In revocation proceedings based on the grounds of non-use, the burden of proof lies with the EUTM proprietor as the applicant cannot be expected to prove a negative fact, namely that the mark has not been used during a continuous period of five years. Therefore, it is the EUTM proprietor who must prove genuine use within the European Union or submit proper reasons for non-use.


In the present case the EUTM was registered on 28/06/2014. The revocation request was submitted on 27/02/2020. Therefore, the EUTM had been registered for more than five years at the date of the filing of the request.


On 06/03/2020, the Cancellation Division duly notified the EUTM proprietor of the application for revocation and gave it a time limit of two months to submit evidence of use of the EUTM for all the goods for which it is registered.


The proprietor requested an extension of the time limit on 16/04/2020, which was granted.


The EUTM proprietor did not submit any observations or evidence of use in reply to the application for revocation within the specified time limit.


According to Article 19(1) EUTMDR, if the proprietor of the European Union trade mark does not submit proof of genuine use of the contested mark within the time limit set by the Office, the European Union trade mark will be revoked.


In the absence of any reply from the EUTM proprietor, there is neither any evidence that the EUTM has been genuinely used in the European Union for any of the goods for which it is registered nor any indications of proper reasons for non-use.


Pursuant to Article 62(1) EUTMR, the EUTM must be deemed not to have had, as from the date of the application for revocation, the effects specified in the EUTMR, to the extent that the proprietor’s rights have been revoked.

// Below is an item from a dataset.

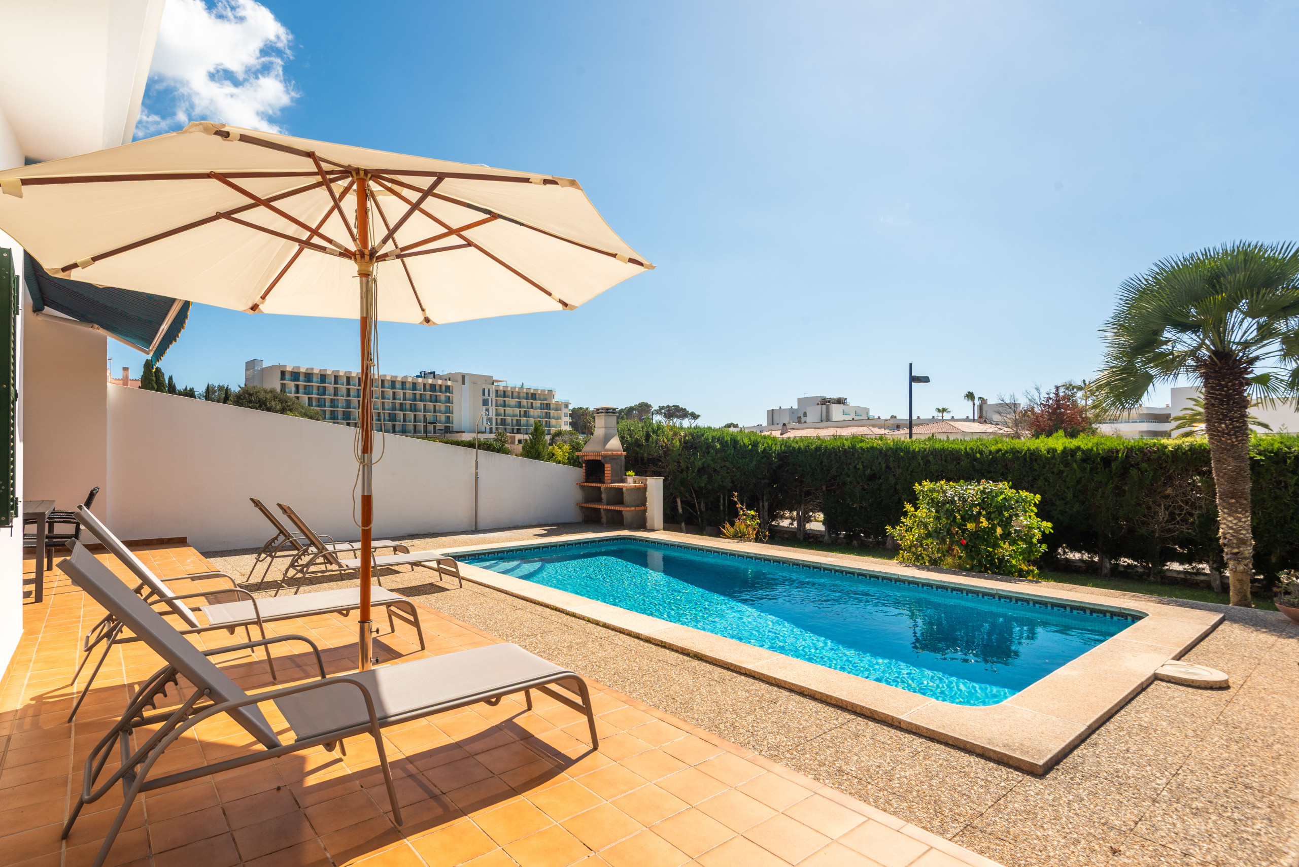 Un point fort de Villa Noelia est son jardin extérieur, qui offre un espace parfait pour des moments de détente et de vie familiale. La zone est équipée de meubles de jardin et d'un barbecue, idéal pour profiter de repas en plein air et partager des moments spéciaux.

Consequently, the EUTM proprietor’s rights must be revoked in their entirety and deemed not to have had any effects as from 27/02/2020.



COSTS


According to Article 109(1) EUTMR, the losing party in cancellation proceedings must bear the fees and costs incurred by the other party.


Since the EUTM proprietor is the losing party, it must bear the cancellation fee as well as the costs incurred by the applicant in the course of these proceedings.


According to Article 109(1) and (7) EUTMR and Article 18(1)(c)(ii) EUTMIR, the costs to be paid to the applicant are the cancellation fee and the costs of representation, which are to be fixed on the basis of the maximum rate set therein.




The Cancellation Division



María INFANTE SECO DE HERRERA

Jose Maria FERNANDEZ RUEDA

Richard BIANCHI



According to Article 67 EUTMR, any party adversely affected by this decision has a right to appeal against this decision. According to Article 68 EUTMR, notice of appeal must be submitted in writing at the Office within two months of the date of notification of this decision. It must be submitted in the language of the proceedings in which the decision subject to appeal was taken. Furthermore, a written statement of the grounds of appeal must be submitted within four months of the same date. The notice of appeal will be deemed to be filed only when the appeal fee of EUR 720 has been paid.